Work request: Print the lines in the listing below starting at the line with "The graphics are" and ending at the line with "ある組織は802.1Xの実装", both included. Reproduce them exactly and omit every picture.

Source material:
·····

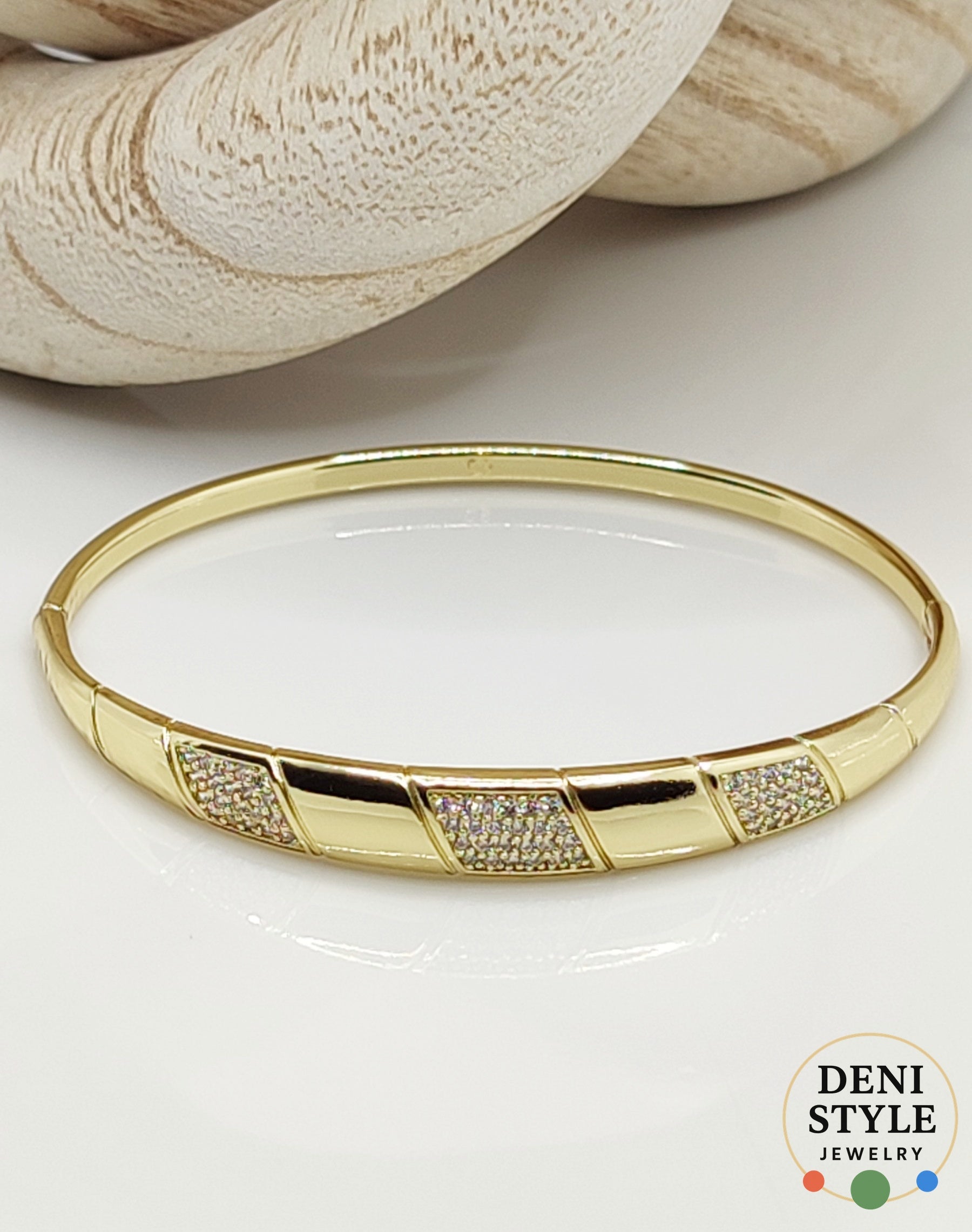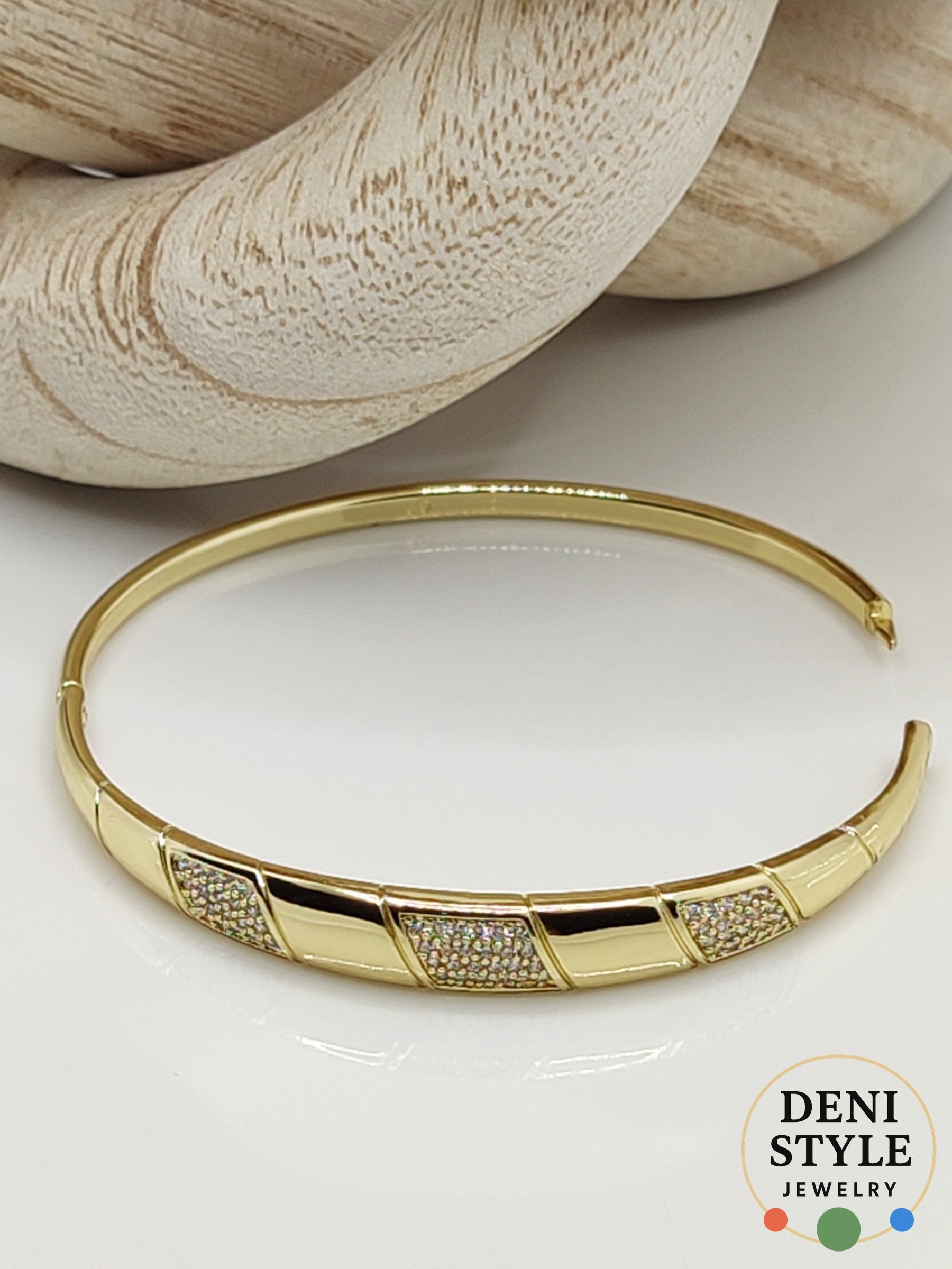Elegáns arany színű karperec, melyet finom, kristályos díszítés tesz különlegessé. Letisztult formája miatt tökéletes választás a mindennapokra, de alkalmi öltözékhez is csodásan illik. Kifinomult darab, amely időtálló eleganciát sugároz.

·····

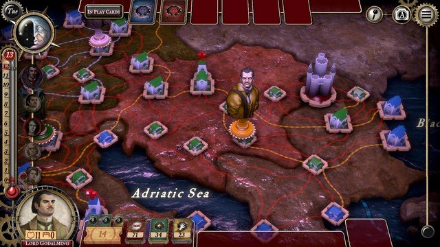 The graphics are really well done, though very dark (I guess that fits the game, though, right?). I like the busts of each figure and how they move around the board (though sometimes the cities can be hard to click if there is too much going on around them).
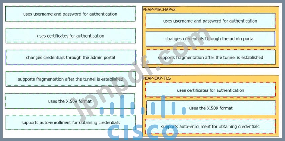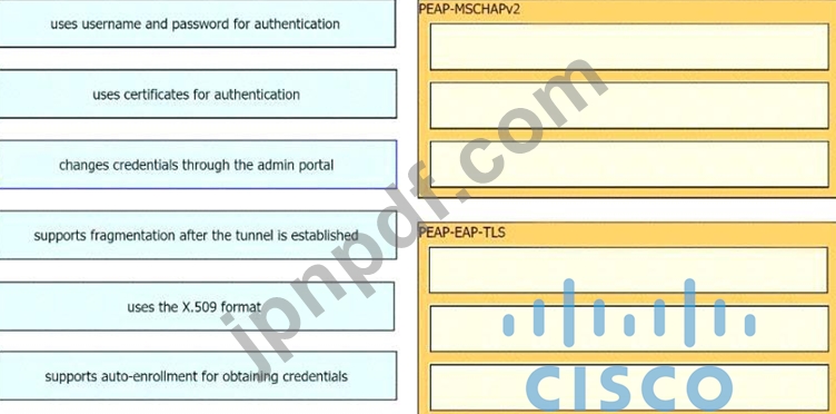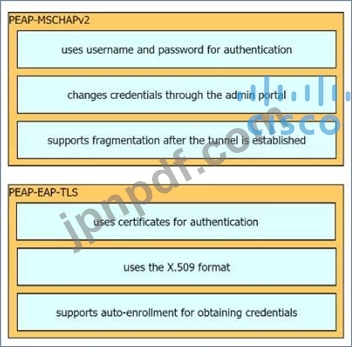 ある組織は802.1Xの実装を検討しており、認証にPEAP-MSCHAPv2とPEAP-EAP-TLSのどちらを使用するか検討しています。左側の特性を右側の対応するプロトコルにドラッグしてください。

·····

Response area:
 The graphics are really well done, though very dark (I guess that fits the game, though, right?). I like the busts of each figure and how they move around the board (though sometimes the cities can be hard to click if there is too much going on around them).
 ある組織は802.1Xの実装を検討しており、認証にPEAP-MSCHAPv2とPEAP-EAP-TLSのどちらを使用するか検討しています。左側の特性を右側の対応するプロトコルにドラッグしてください。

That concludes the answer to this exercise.